[[ DATASET EXTRACT open ]]
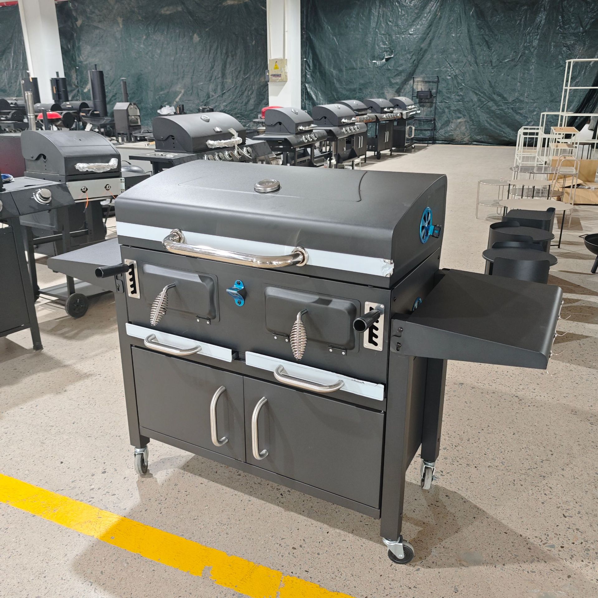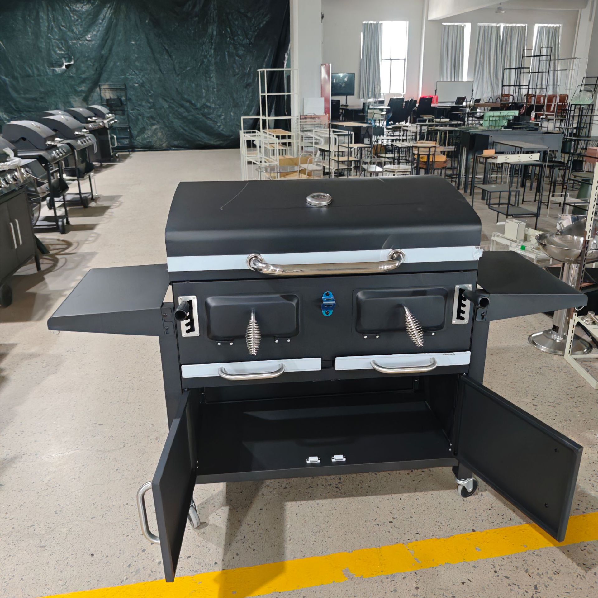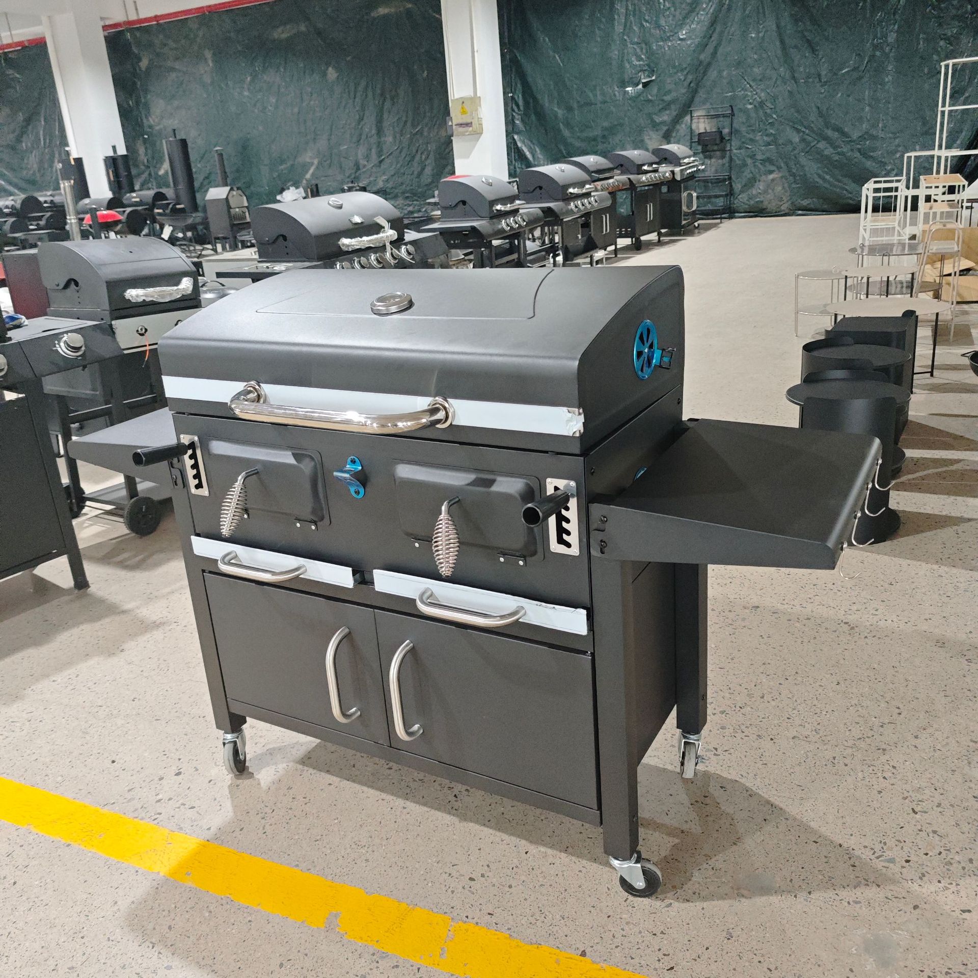 Horno de carbón de campamento estadounidense engrosado transfronterizo, horno de gran capacidad, patio exterior, gran protección del medio ambiente, parrilla cuadrada
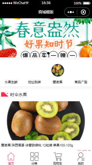 水果生鲜商城微信小程序模板属于商城类小程序,主要售卖生鲜水果类,模板含有4个页面,首页、分类页、购物车以及我的中心。
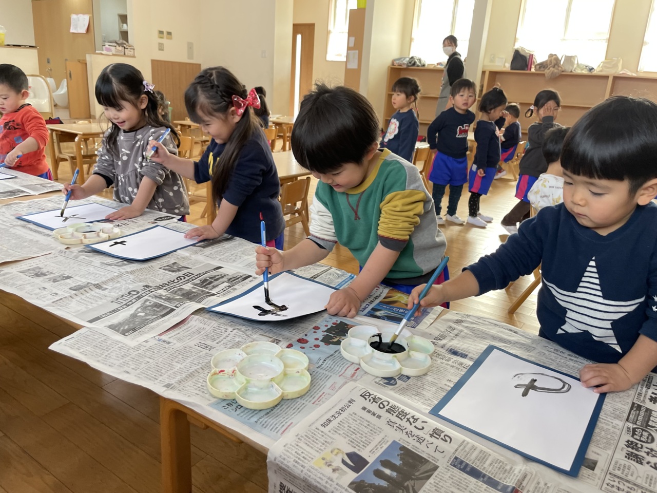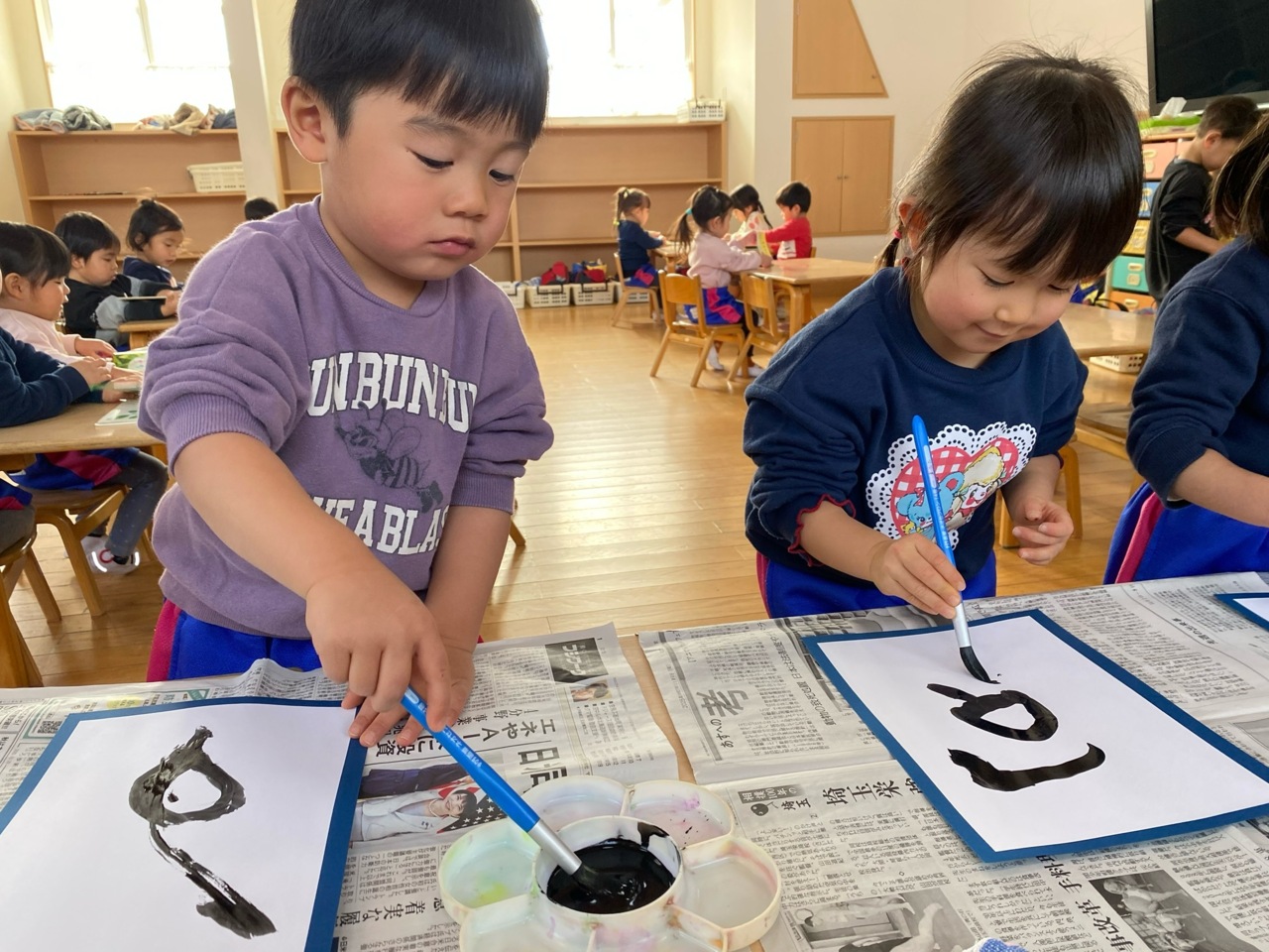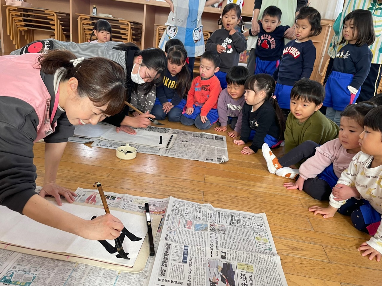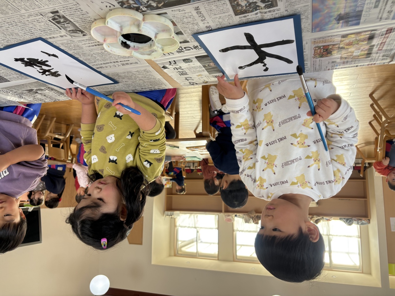 今回は、みんなで書き初めごっこをしてみることに! まずは、担任から…
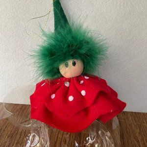 Handmade, brand new polka dot girls ornament! 100% Red and white polka dot dress, hand painted face, handmade boa with handmade hat that contains a bell. Comes with gold string to hang on. Measures approx 4” wide. Comes from smoke free home.
[[ DATASET EXTRACT closed ]]
WHAT YOU NEED TO DO
Retype, word for word, only the line holding "水果生鲜商城微信小程序模板属" and the lines after it through the final line of the listing above, and leave every picture out.

WRITTEN REPLY
 水果生鲜商城微信小程序模板属于商城类小程序,主要售卖生鲜水果类,模板含有4个页面,首页、分类页、购物车以及我的中心。
 今回は、みんなで書き初めごっこをしてみることに! まずは、担任から…
 Handmade, brand new polka dot girls ornament! 100% Red and white polka dot dress, hand painted face, handmade boa with handmade hat that contains a bell. Comes with gold string to hang on. Measures approx 4” wide. Comes from smoke free home.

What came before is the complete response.